A common saying simply states, “Macros are evil.” Macros don’t have type checking, and the errors that come up are ugly and hard to understand. You have to read the macro and the place it’s used at the same time, or dig up the preprocessor results, but good luck integrating those with the rest of your tools. So it’s not simple to fix a break that involves a macro. But that doesn’t mean you should never use a macro. Macros are another tool in your box. One must judge whether the inevitable macro errors or the problem that could be solved with macros is the bigger evil.
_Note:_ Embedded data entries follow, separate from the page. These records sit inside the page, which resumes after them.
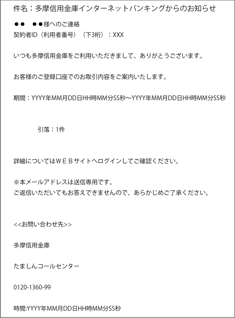 - インターネットバンキングの取引確認メールはイメージ図のようなメール文になっており、URLは一切記載されておりません。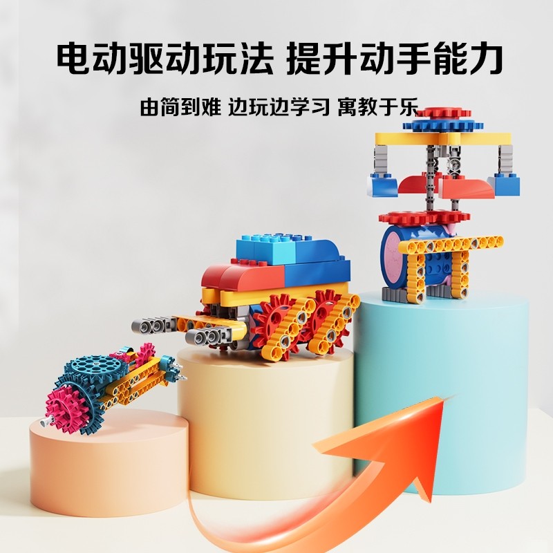 儿童大颗粒积木电动齿轮机械科教3益智拼装玩具9656男孩6岁礼物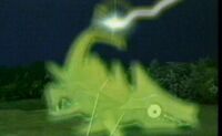 King Rampus can fire a greenish-yellow laser from his tail fin, a direct from which proved strong enough to blow up Dengu. His entire body glows green as he charges it.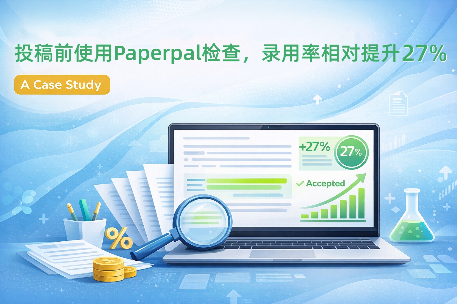 一项由Wolters Kluwer旗下国际医学期刊Medicine与Paperpal联合开展的12个月队列研究,提供了一个值得关注的数据:在投稿前使用Paperpal检查工具的稿件,录用率相对提升最高达27%。
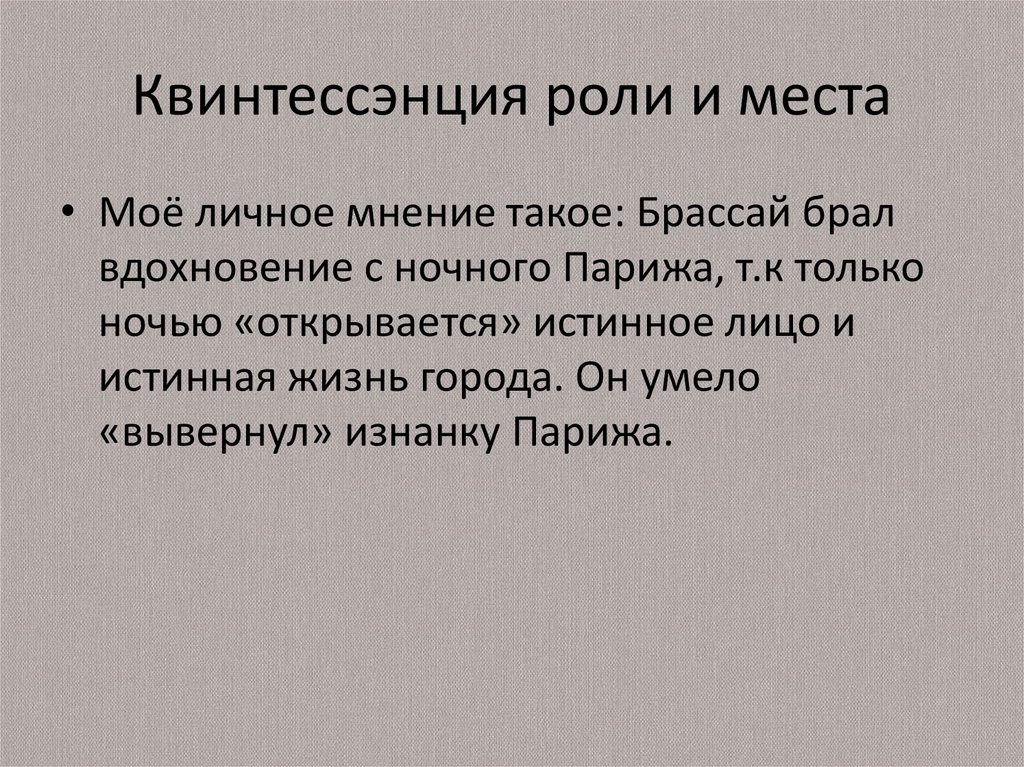 Квинтессэнция роли и места• Моё личное мнение такое: Брассай брал

4.2 version control and testing
Say you’re working on some feature, and then realize you’re in so deep that you can’t verify if you haven’t regressed, and you can’t see the light at the end of the tunnel. If you were using version control, you can back out of the tunnel, establish the testing you need to verify your work, and then split up the feature into appropriate chunks, each one validated by the testing framework. Escaping from a highly dependent mess of changes and creating a framework that allows you to create independent changes is the power of version control systems. More generally, they allow you to externally manage your context of changes.
4.3 reinventing the wheel
Reinventing the wheel is simple. The wheels out there aren’t exactly what you’re looking for. It’s typical to find a library with a superset of the features you want, because, being a successful library, it has more users than just you. A needle-focused library is simplest for your project. My most common reason for avoiding 3rd party code is to keep my build simple. Setting up a build is probably less common than modifying code. But to me this is what makes it insidious — I often forget how to set up complicated builds.
Simplicity is at odds with the common rule, which is “don’t reinvent the wheel”. 3rd party code can represent huge amounts of work, possibly dwarfing the amount of work you’ll ever do on your project. In this case, it’s hard to argue for long-term time benefits because you’ll never be able to do the amount of work needed to create the library you want to use.
So I suppose here we have to defer to the bigger picture. If using a 3rd party wheel seems to be the quickest overall, do it. If inventing a new wheel seems to be the quickest overall, do it.
Moreso than the other posts on this blog, I plan to give this post life by updating it as my experience grows and as I think of more interesting points.